Supply Chain Alerts
When the World's Chip Factory Goes Dark
Mar 10, 2026
Samsung Electronics fell 11.7% in a single session. SK Hynix dropped 12%. The KOSPI shed 18% in two days, the worst weekly loss since 2008, erasing $270 billion in market value. The trigger: the Strait of Hormuz, closed on March 2 after US-Israel strikes on Iran. For procurement teams managing semiconductor supply, this is not a market event. It is a production continuity warning.
Energy is the hidden input nobody models
South Korea imports 98% of its fossil fuels, with roughly 70% of its crude transiting the Strait. Semiconductor fabs run around the clock, consuming electricity at the scale of small cities.

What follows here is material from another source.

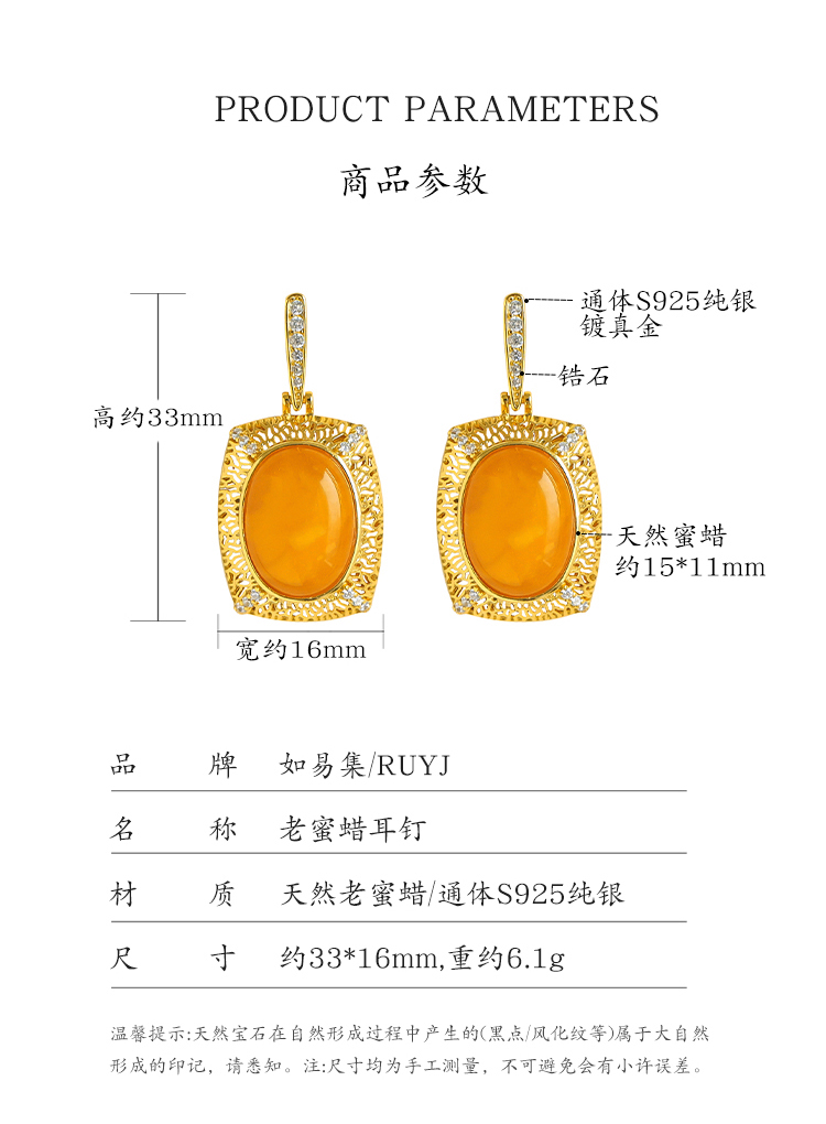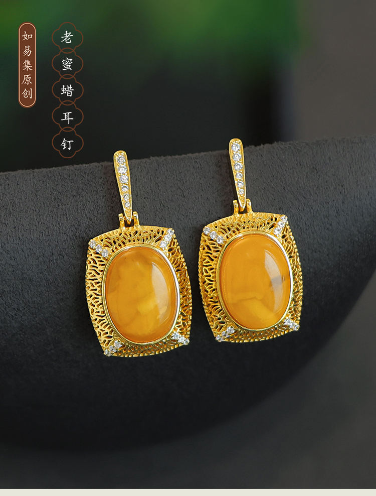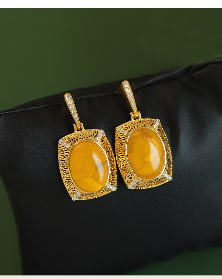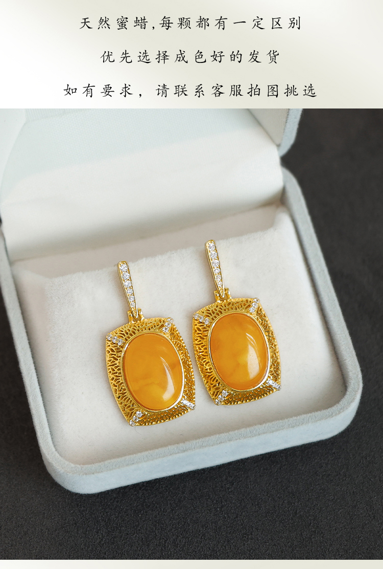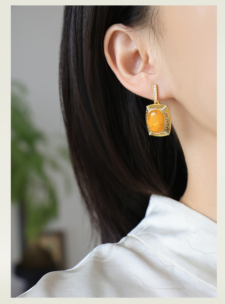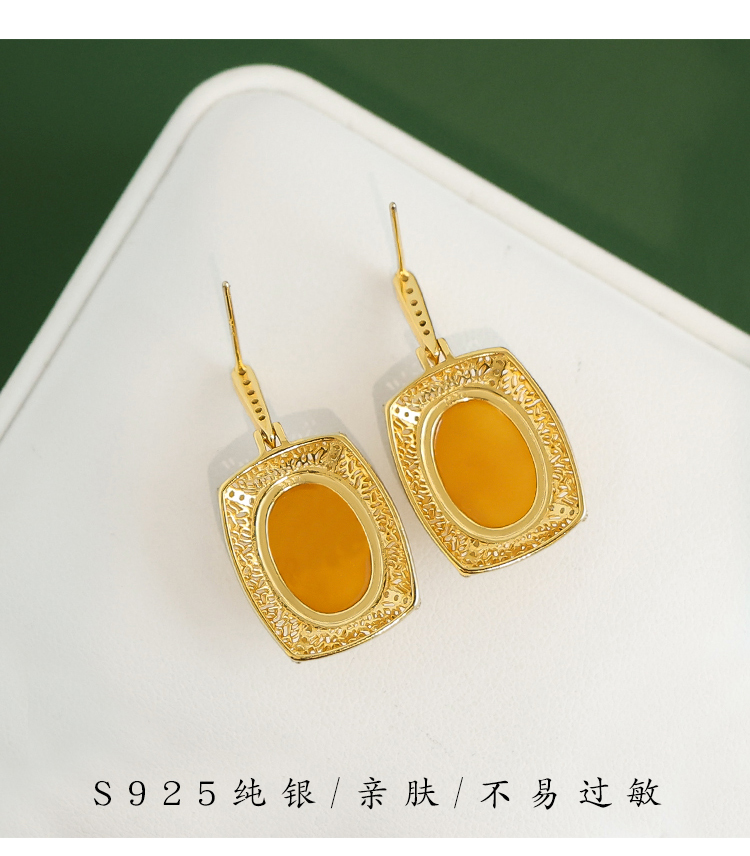 Beeswax Earrings, Natural Chicken Oil Yellow Amber Earrings, Luxurious Palace Style Yellow Earrings, High-End Sterling Silver Earrings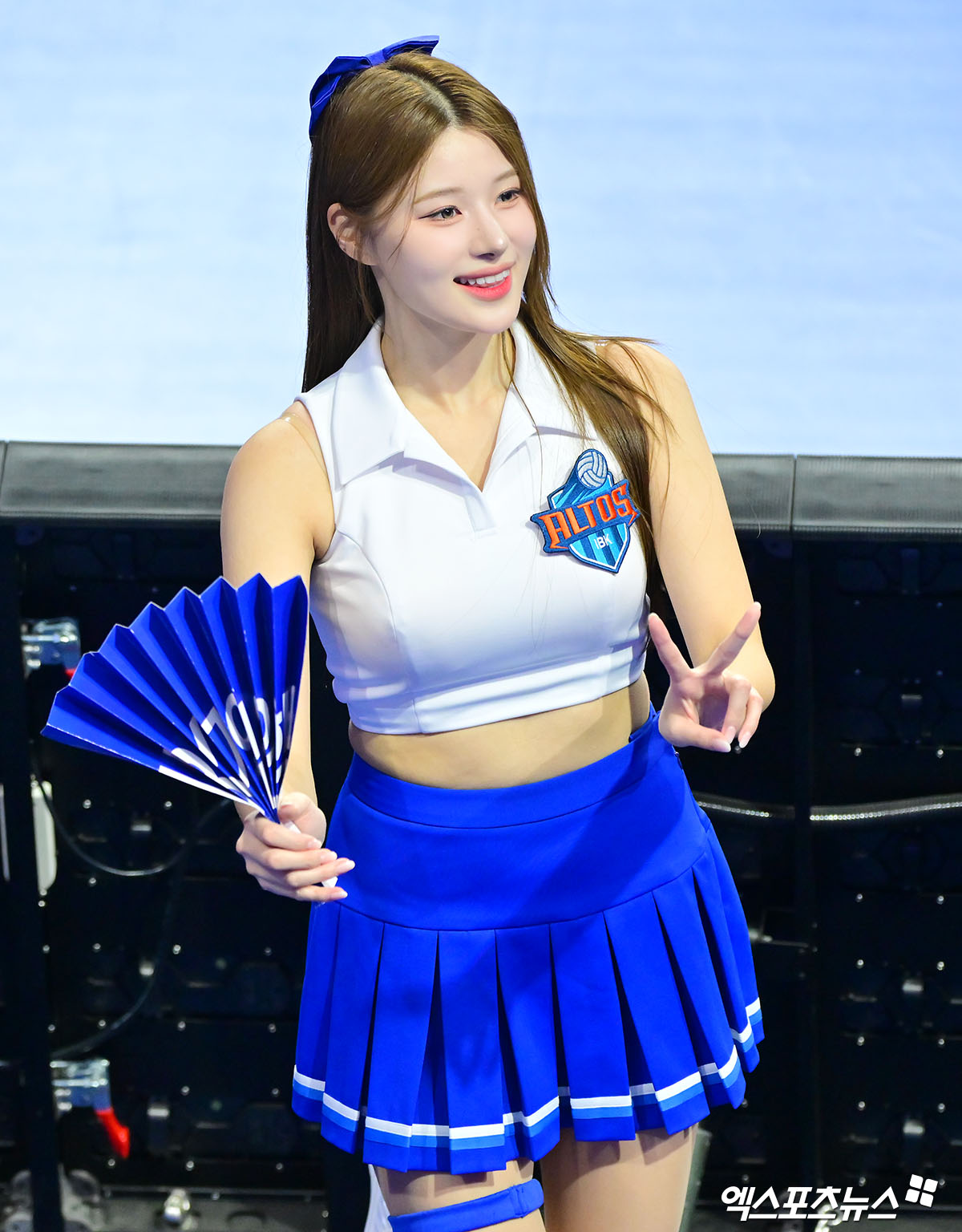 (엑스포츠뉴스 화성, 김한준 기자) 28일 오후 경기도 화성 종합실내체육관에 열린 '진에어 2025-2026 V-리그' IBK 기업은행과 정관장의 경기, 이예빈 치어리더가 열띤 응원을 선보이고 있다.

When the Hormuz premium spikes, Korean fab operating costs follow immediately. Samsung and SK Hynix together supply roughly 67% of global DRAM and close to 80% of high-bandwidth memory. Cost pressure at that scale does not stay in Seoul.
Chipmaking materials are caught in the crossfire
South Korea's Ministry of Trade formally warned on March 5 that the conflict could disrupt critical chipmaking inputs. The specific concern is helium, used to etch silicon wafers, produced in only two facilities globally. One is in Qatar and exports through the Strait. US Defense Secretary Pete Hegseth indicated hostilities could run 8 weeks or more. SK Hynix says it holds sufficient inventory for now, but the clock is running.
European OEMs are watching the wrong indicator
Lead times for automotive-grade memory were already at 58 weeks before this crisis. Global DRAM inventories stand at two to three weeks of supply. For European procurement teams managing ADAS, EV battery management systems, and infotainment BOMs, the exposure is compounding. Hanwha Aerospace rallied 19.8% on defense spending expectations. That tells you what markets think is coming next. Korean shipping stocks Pan Ocean and HMM fell 16 to 19%. That tells you what logistics planners should be preparing for.
The question is not whether Korea's fabs survive a two-month closure. The question is whether your production schedule can survive a two-week DRAM gap.